■ **Information supplied**:
◆ ◆ ◆ ◆ ◆ ◆ ◆
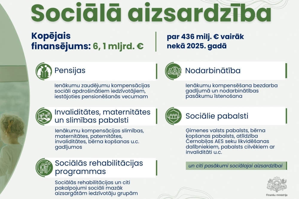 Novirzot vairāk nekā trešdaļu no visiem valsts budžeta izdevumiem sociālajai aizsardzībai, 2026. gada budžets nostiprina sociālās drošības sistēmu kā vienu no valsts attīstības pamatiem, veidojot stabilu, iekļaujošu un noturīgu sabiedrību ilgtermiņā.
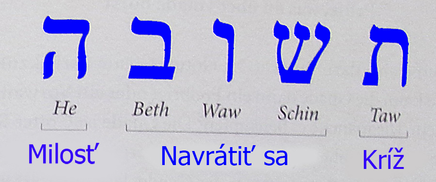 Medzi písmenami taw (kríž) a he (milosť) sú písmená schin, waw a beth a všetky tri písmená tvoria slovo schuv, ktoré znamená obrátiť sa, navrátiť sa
◆ ◆ ◆ ◆ ◆ ◆ ◆
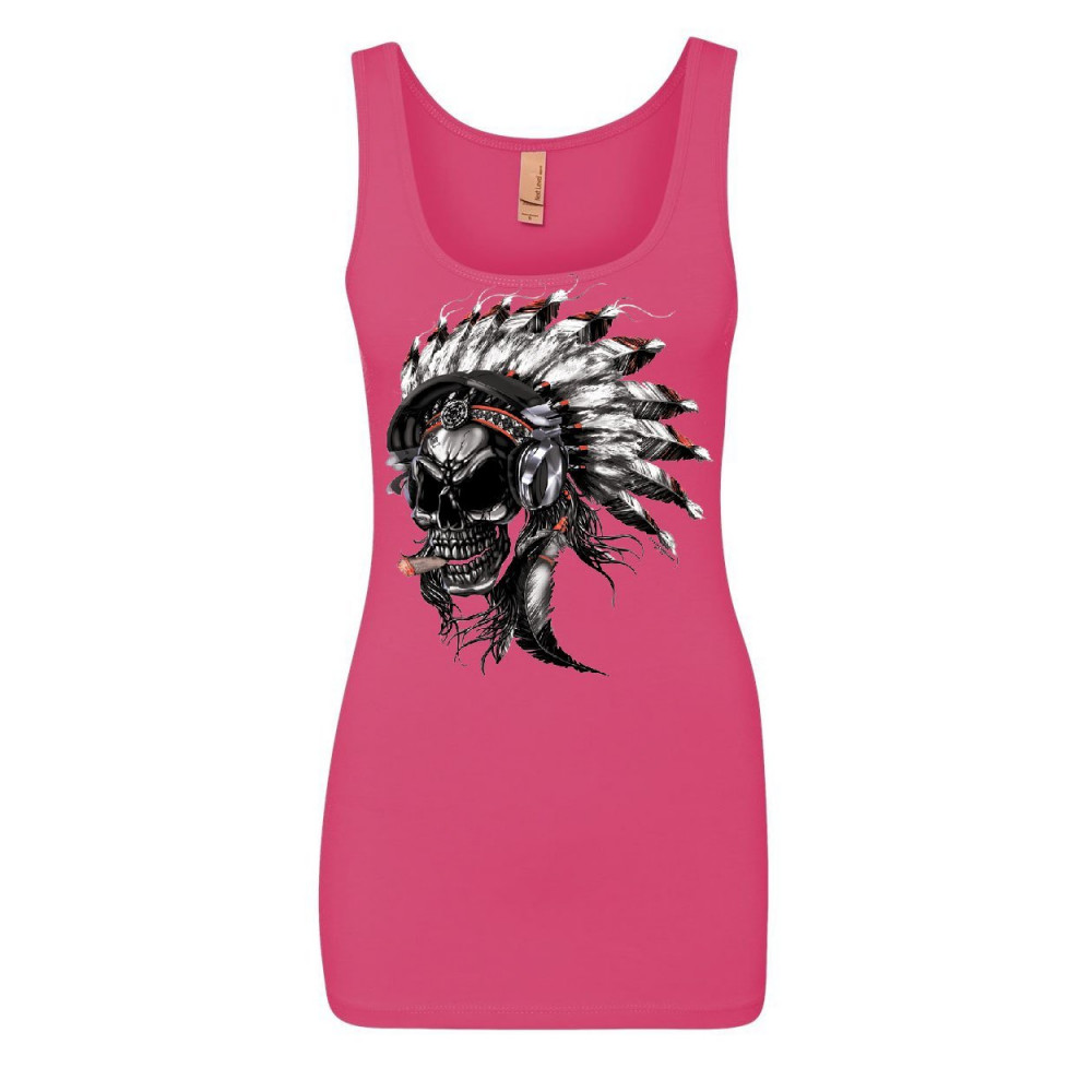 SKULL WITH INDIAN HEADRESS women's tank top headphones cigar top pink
◆ ◆ ◆ ◆ ◆ ◆ ◆
Within the entries above, give again exactly the lines starting at the one that contains "Novirzot vairāk nekā" and ending at the one that contains "Medzi písmenami taw", leaving out the pictures.

■ **Written solution**:
 Novirzot vairāk nekā trešdaļu no visiem valsts budžeta izdevumiem sociālajai aizsardzībai, 2026. gada budžets nostiprina sociālās drošības sistēmu kā vienu no valsts attīstības pamatiem, veidojot stabilu, iekļaujošu un noturīgu sabiedrību ilgtermiņā.
 Medzi písmenami taw (kríž) a he (milosť) sú písmená schin, waw a beth a všetky tri písmená tvoria slovo schuv, ktoré znamená obrátiť sa, navrátiť sa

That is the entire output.